New Research Identifies W491 as a Potential Therapeutic Target in Essential Thrombocythemia

In patients with familial essential thrombocythemia (ET) negative for JAK2, CALR, or MPL W515 mutation (triple-negative), newly identified MPL mutations elucidate a broad mechanism of thrombopoietin receptor (TpoR) activation that is shared by the small molecule eltrombopag. This is according to a study in Blood, which found that the activation of TpoR by the novel L498W-H499C or H499Y-S505N mutations relies on upstream amino acid W491. W491 is also the key residue required for activation by the W515 mutation pathway and the activation by eltrombopag.1 Together, these results suggest that this new target structure within the TpoR could serve as a therapeutic target in ET.

“If W491 would be targeted and prevented to stabilize the dimeric interface of the mutants described in this paper, this would lead to inhibition of oncogenic activity,” said corresponding study author Stefan Constantinescu, MD, of the Université Catholique de Louvain in Belgium. The same would occur for more frequent mutants of MPL, W515K, and S505N, he added. “But the interesting part is that W491 is in the extracellular region above the membrane and is accessible to antibodies and molecules that would not need to enter the cell via the plasma membrane,” he noted.

The study was an analysis of 2 patients with ET who tested negative for JAK2, CALR, and MPL W515 mutations – common driver mutations for myeloproliferative neoplasms. Each patient harbored either L498W-H499C or H499Y- S505N, defined as double cis mutations in the MPL gene, which encodes for TpoR protein. According to the authors of this study, this is the first report of these combination mutations in patients with ET.

The human TpoR is mainly a cell-surface monomer that dimerizes, in the presence of either Tpo or the small-molecule agonist eltrombopag or when mutated (S505N, W515K), via a structural change in the region around H499. To test their hypothesis that L498W and H499C would induce persistent dimerization of TpoR, the investigators generated cell lines to express the TpoR mutations alone or in combination.

In their analysis, the authors found that both single mutations L498W or H499C led to ligand-independent STAT5 transcriptional activity, although L498W had a stronger effect, and the combination was even stronger. Dimerization of TpoR H499C was equivalent to or greater than that observed in L498W and there was an increase in cell-surface localization and stability of H499C. However, H499C alone “dimerizes TpoR in a conformation not optimal for signaling.”

The investigators then truncated TpoR upstream of position 489 and subsequently moved the mutations in the receptor construct. Compared with the WT truncated receptor, single and double mutants demonstrated more signaling, suggesting that the mutations act on transmembrane and cytosolic domains. When the researchers treated the cells with eltrombopag, the TpoR WT was activated, but not the truncated TpoR mutants in agreement with a requirement for extra amino acid residues upstream of H499.

In a second ET patient, the authors identified the double mutation H499Y-S505N (in cis).
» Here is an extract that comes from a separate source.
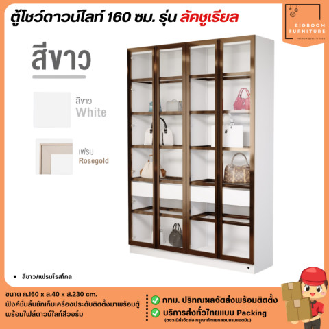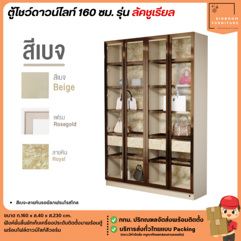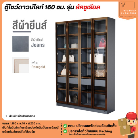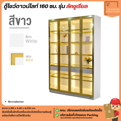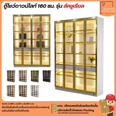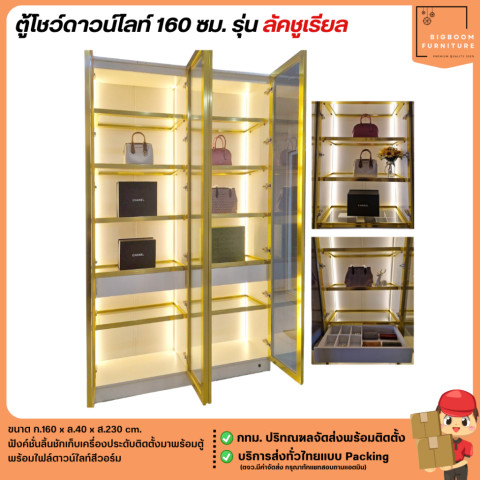 ตู้โชว์ดาวน์ไลท์ 160 ซม. รุ่น ลัคชูเรียล จากบิ๊กบูมเฟอร์นิเจอร์ ยกระดับมุมโชว์ให้ดูหรูหราโดดเด่น ด้วยดีไซน์สียีนส์ใหม่ตัดกับเฟรมทอง เพิ่มความพรีเมียมให้บ้านหรือหน้าร้าน พร้อมไฟดาวน์ไลท์โทนวอร์มที่ช่วยขับความสวยของเครื่องประดับ ของสะสม หรือสินค้าจัดแสดงให้ดูมีมิติและน่าหยิบจับมากขึ้น

Although the H499Y mutant was found to be active alone, the double mutant exhibited significantly enhanced activation of STAT5 over S505N. Both H499C and H499Y were specific enhancers of their counterparts L498W and S505N. They were unable to enhance signaling by other TpoR mutants such as W515K.

Furthermore, the authors used a structural approach and identified W491 as a key upstream residue necessary to stabilize mutations in the Tpo receptor as well as allowing a response to eltrombopag.
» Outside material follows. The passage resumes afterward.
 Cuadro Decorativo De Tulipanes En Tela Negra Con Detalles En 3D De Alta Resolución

When W491A mutation was induced this was associated with impairment of eltrombopag-mediated activation as well as the transmembrane or W515 mutations. Thus, W491 is crucial for the changes in tilt and orientation required for activation. As W491 might be accessible in the juxtamembrane region compared with the transmembrane mutations, this residue could be targeted clinically to reduce the activity of TpoR mutations.
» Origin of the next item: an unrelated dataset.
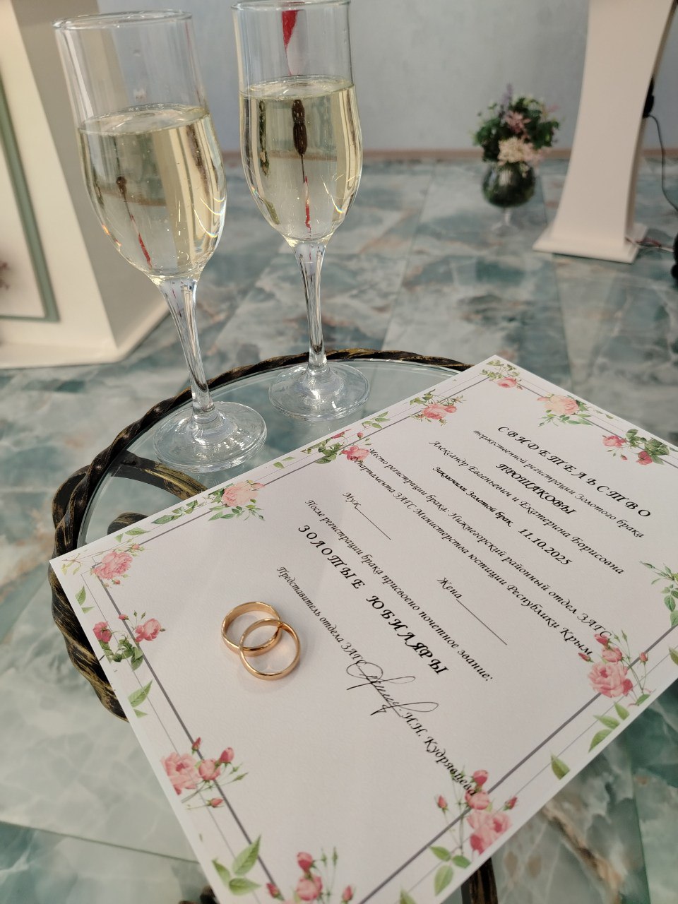 Сотрудники отдела ЗАГС, поздравили юбиляров, вручив цветы и «Свидетельство о торжественной регистрации золотого брака», отметив, что построить, а главное, сохранить такую крепкую семью, где до сих пор царит любовь и нежность - большой труд двоих. На такие пары стоит равняться и каждый день у них учиться мудрости и искусству семейной жизни.

In an accompanying editorial, Ian Hitchcock, PhD, of the University of York in the U.K., noted that several key questions about TpoR activity remain.2 First, a comprehensive understanding of how TpoR is activated remains elusive, since a complete structure of the receptor has yet to be identified. He added that, even if a structure is identified, it will not offer answers to all key questions because JAK2 will play a role in stabilization, dimerization, and localization of the receptor and will also be involved in interactions with the plasma membrane.

“Moreover,” Dr. Hitchcock wrote, “receptor density at the plasma membrane will alter the ability of the activating mutations to drive receptor dimerization, highlighting one of the issues faced by all of us using TpoR-overexpressing cell lines to model receptor activity.”

The authors report no relevant conflicts of interest.


  1. Levy G, Carillo S, Papoular B, et al. MPL mutations in essential thrombocythemia uncover a common path of activation with eltrombopag dependent on W491. Blood. 2020;135:948-953.
  2. Hitchcock IS. Novel ET mutations: stuck in the MPL with you. Blood. 2020;135:889-890.